Há mais uma história interessante que tem a ver com o que está acontecendo atualmente no Rio Grande do Sul. Nas décadas de 70, 80 e parte de 90, por conta dos bons preços internacionais da soja, as lavouras se espalharam por todos os cantos do Estado. A maneira como o gaúcho preparava a plantação resultou na erosão de centenas de milhares de toneladas de solos para dentro dos rios. Esta terra alterou o curso de vários rios e os tornou mais rasos, o que significa que na hora das cheias as águas chegam a locais que antes não chegavam. Lembro-me de ter feito várias reportagens sobre erosão. No Planalto Médio, região da cidade de Passo Fundo, a cor da água dos rios era a de barro vermelho. O que estou dizendo, citando as reportagens que fiz, é que a mega tragédia gaúcha não começou hoje. Ela vem sendo semeada por várias décadas. Por exemplo: o mau uso dos solos nas lavouras, a especulação imobiliária que aterrou e ocupou áreas que antes pertenciam ao Guaíba e o manuseio errado do lixo urbano. Claro, nós jornalistas não temos como, em cada matéria, fazer uma tese para explicar para o leitor os motivos pelos quais as coisas acontecem. Mas precisamos informá-lo que elas não brotam do chão. Antes, são semeadas para depois crescerem e se tornarem um problema. 

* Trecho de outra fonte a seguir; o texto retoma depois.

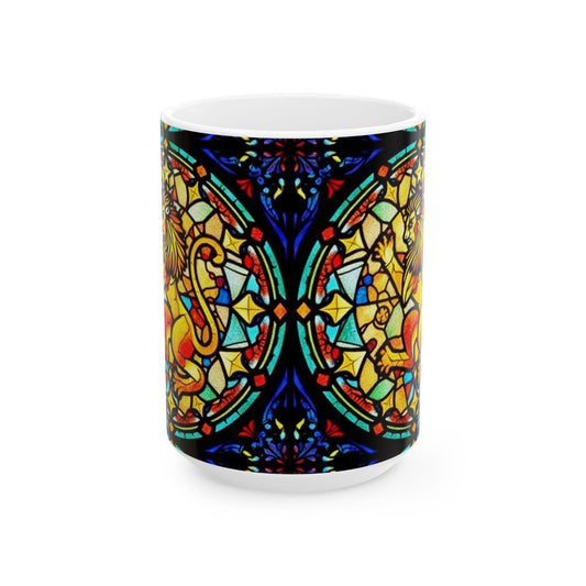 Ceramic Mug, (11oz, 15oz), Glass Design v1, AOP, Leo Zodiac Sign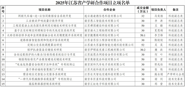 近日,省科技厅发布了“关于2025年江苏省产学研合作项目立项的通知”(苏科区成发〔2026〕9号),学院15个项目获2025年江苏省产学研合作项目立项,数量名列全省高职院校前列。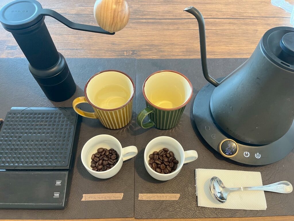 焙煎してから数日が経過し、味が落ち着いてきたことと、どちらもフルシティロースト(中深煎り)なので味や香りの比較もしやすいかと思い選びました!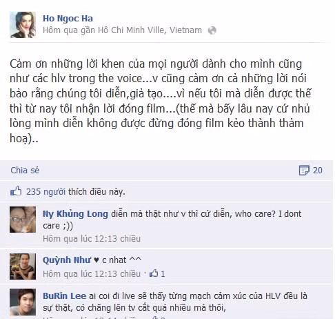 Sau khi chia sẻ dòng cảm xúc: 'Cảm ơn những lời khen của mọi người dành cho mình cũng như các HLV trong The Voice. Và cũng cảm ơn cả những lời nói bảo rằng chúng tôi diễn, giả tạo...vì nếu tôi mà diễn được thế thì từ nay tôi nhận lời đóng film...(thế mà bấy lâu nay cứ nhủ lòng mình diễn không được đừng đóng film kẻo thành thảm họa)...' đã có rất nhiều comment đồng tình với Hà Hồ.

Sempre digo nas minhas palestras para estudantes e profissionais das redações pelo Brasil afora que não defendo a crença de que a velhice traga a sabedoria e muito menos que a juventude nos torne um intrépido inovador. Acredito na persistência e no trabalho. Posto isso, lembro que não podemos jogar na cara do leitor um rolo do tamanho deste que está acontecendo com os gaúchos e dizer simplesmente que ele nasceu, se criou e ficou adulto na falta de educação ambiental de várias gerações. Tem a ver também com falta da punição daquelas pessoas que praticaram crimes ambientais. Há uma enorme fila de crimes ambientais cometidos no território gaúcho sem punição. Fiz muitas matérias sobre o assunto.